What glands are located in the submucosa of the duodenum?

Brunner's glands

2

What is the function of Brunner's glands?

Secretion of an alkaline fluid to neutralize acidic chyme.

3

How many submucosal glands do we find in the jejunum?

The jejunum has no submucosal glands.

4

What glands can be found in the submucosa of the stomach?

There are no submucosal glands in the stomach. The gastric glands are located in the gastric mucosa.

5

What do we call the lymphatic structure that assists with the absorption of fat in the intestinal villi?

Lacteal

6

Where are paneth cells unique to?

The small intestine.

(Specifically the base of the intestinal glands in the small intestine)

7

Where are Brunner's glands located histologically?

In the submucosa of the duodenum

8

What cells of the small intestine secrete lysozyme, alpha-defensins, and other glycoproteins for antimicrobial defense?

Paneth cells

9

What prevents the plicae circulares from ever laying completely flat?

The plicae circulares have a submucosal core

10

Histologically speaking, where are intestinal glands found?

Throughout the mucosal layer of the entire small intestine

11

If you're looking at a section of small intestine, and you see no Peyer's patches and no Brunner's glands, what section of the small intestine are you looking at?

The Jejunum

12

Which part of the intestine typically has the longest villi?

The jejunum

13

What do we call the simple columnar cells of the large intestine?

Colonocytes

14

What is the primary indicator histologically of a slide coming from the colon?

A multitude of goblet cells  without villi

15

What layer, in the colon, forms the tinea coli?

The outer longitudinal layer of the muscularis externae

16

What protein is defective in Hirschprung's disease?

The RET gene, which is responsible for neural crest cell development

17

What is the basic pathophysiology of Hirschsprung's disease?

Neural crest cells fail to differentiate causing an absence of the plexus of Auerbach in the colon.

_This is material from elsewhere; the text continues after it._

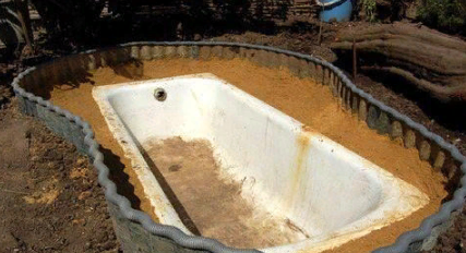 Первым делом нужно выкопать яму под ванну. Далее ванна устанавливается в яму, и маскируются края. Затем нужно вырезать из листов металла или пластика вставки и зафиксировать их вокруг ванны, чтобы хорошенько укрепить ее и защитить от брызг воды края.
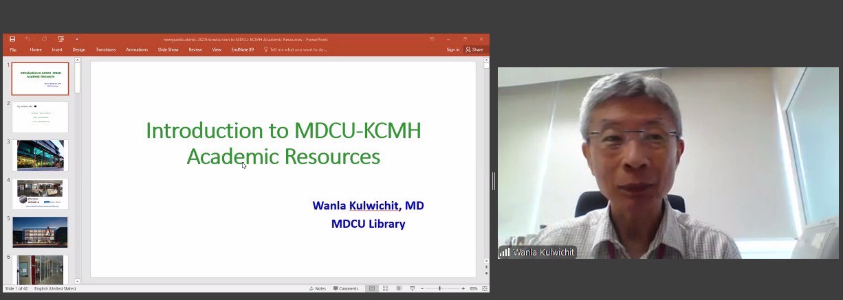 • Prof. Wanla Kulwichit, M.D. (Associate Dean for Education Innovations and IT), who introduced Introduction to the library resources, online databases, and research tools.

This results in absent peristalsis, and leads to megacolon through impactions.

18

What is the most common type of Hirschsprung's disease?

"Short segment disease" – where the issue is confined to the "rectosigmoid region" (rectum and sigmoid colon).

19

What two diseases are included in the term Inflammatory Bowel Disease?

Ulcerative colitis and Crohn's disease

20

What histological region is affected by ulcerative colitis?

Specifically the mucosa of the large intestine.

21

Where is damage from Crohn's disease localized?

The terminal ileum

(However it has been observed in the large intestine as well)

22

What are the three divisions of the anal canal?

The colorectal zone, the anal transitional zone, and the squamous zone.

23

Where does the enteric nervous system  end?

At the anal transitional zone of the anal canal

24

Where are anal glands found?

Extending into the submucosa and muscularis externa of the anal canal.

25

What are the anal columns formed from?

Mucosal folds of the anal canal

26

What type of glands are the circumanal glands?